Remember that the patient’s task is to learn self-management, not simply to receive advice. People with diabetes must learn how to manage diabetes and to problem solve. They will not benefit from having problems solved for them. Although advice is important, before giving advice, consider whether first clarifying the problem through discussion and then allowing the patient to practice problem solving would better serve the patient. Giving advice too quickly may stifle the relationship by emphasizing the nurse’s role as knowledgeable problem solver and the patient’s role as passive recipient of that knowledge. In this case, the health-care professional, not the person with diabetes, is in control; passive knowledge rarely translates to behavior change.

Assessment

The goal of behavioral assessment is to understand patients’ points of view and their specific questions and perceptions about diabetes, its treatment, and their health status. The behavioral assessment begins with open-ended questions that elicit knowledge of treatment recommendations and self-care tasks as well as attitudes, barriers, and support for diabetes self-management (Table 19.2).

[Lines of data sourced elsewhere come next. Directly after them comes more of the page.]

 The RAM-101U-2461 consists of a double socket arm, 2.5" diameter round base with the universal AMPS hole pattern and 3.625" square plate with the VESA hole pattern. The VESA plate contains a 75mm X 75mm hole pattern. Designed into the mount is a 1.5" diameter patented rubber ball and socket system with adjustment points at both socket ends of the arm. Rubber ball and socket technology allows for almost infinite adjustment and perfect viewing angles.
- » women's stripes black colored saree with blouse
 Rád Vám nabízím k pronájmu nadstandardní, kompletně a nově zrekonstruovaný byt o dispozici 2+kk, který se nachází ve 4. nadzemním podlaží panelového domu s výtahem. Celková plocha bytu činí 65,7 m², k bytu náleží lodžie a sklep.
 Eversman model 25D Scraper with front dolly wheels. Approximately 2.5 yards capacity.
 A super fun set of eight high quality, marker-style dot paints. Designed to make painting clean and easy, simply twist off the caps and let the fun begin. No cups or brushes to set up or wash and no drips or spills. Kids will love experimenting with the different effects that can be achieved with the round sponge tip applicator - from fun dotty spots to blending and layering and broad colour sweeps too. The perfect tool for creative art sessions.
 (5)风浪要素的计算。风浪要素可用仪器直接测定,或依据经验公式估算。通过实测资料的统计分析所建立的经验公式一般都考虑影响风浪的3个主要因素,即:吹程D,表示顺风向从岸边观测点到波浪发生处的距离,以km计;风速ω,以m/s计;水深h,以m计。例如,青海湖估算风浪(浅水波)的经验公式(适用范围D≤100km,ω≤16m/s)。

Table 19.2—Important Behavioral Assessment Areas

Area

Comments

Knowledge of self-care recommendations

The rationale for and frequency of doing self-care behaviors is central, rather than knowledge of pathophysiology.

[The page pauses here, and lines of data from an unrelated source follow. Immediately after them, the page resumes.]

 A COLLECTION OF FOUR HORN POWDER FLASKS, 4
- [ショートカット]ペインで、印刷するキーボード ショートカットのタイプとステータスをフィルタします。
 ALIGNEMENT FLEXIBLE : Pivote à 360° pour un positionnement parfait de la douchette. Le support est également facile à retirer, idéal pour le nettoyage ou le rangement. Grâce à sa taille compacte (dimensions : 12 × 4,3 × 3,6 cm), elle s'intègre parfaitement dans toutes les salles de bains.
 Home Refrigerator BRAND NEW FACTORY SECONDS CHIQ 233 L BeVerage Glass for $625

Attitudes toward diabetes and self-care tasks

Does the patient perceive self-care tasks as important? On a scale of 1 to 10, how important is it for the patient to take care of his or her diabetes? Is the person feeling overwhelmed? The Problem Areas in Diabetes survey6,7 can be used to start conversation.

Distress and depressive symptoms

Diabetes distress is associated with poor glycemic control and with poor quality of life. When support is given to improve self-care and glycemia, diabetes distress can improve. Increased depressive symptoms are common in diabetes and major depression often is underrecognized and undertreated (see Chapter 22, Complementary and Alternative Approaches). If a person is fearful, sad, or extremely angry, a referral to a mental health professional may be necessary.

Cognitive status

Over time, diabetes may affect memory, and aging certainly affects memory. Be aware of signs of lack of understanding. Have the person summarize important points before leaving appointments, providing key points in writing.

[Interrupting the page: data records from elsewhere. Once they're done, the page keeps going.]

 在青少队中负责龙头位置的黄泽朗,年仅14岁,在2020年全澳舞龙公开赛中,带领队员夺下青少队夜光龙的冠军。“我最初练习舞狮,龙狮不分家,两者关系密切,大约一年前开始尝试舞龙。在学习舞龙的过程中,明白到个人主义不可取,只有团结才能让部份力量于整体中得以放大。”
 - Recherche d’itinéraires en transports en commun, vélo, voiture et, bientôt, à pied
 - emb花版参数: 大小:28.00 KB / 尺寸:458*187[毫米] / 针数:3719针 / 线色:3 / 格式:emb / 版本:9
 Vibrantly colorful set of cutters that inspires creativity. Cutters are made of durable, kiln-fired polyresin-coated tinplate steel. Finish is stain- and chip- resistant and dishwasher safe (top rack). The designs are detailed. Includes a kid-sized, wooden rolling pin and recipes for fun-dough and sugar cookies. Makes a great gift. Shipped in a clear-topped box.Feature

Readiness, ability, and intention to make necessary changes

Does the patient feel that changing behavior is necessary or important? Until a person is ready, behavior is difficult to change, and maintenance of a behavior change is even more difficult.

Family and other support

Does the person feel alone with their diabetes or overwhelmed by family nagging (“diabetes police”)? Does the person with diabetes receive the amount of emotional support and the amount of help that he or she wants?8

Health literacy

Assess whether and in what languages the person can read. Remember that most people read at least one to two grade levels below their highest grade achieved. Reading ability is not necessarily equated with level of intelligence. Numeracy, the ability to understand, calculate, and manipulate numbers, also must be assessed.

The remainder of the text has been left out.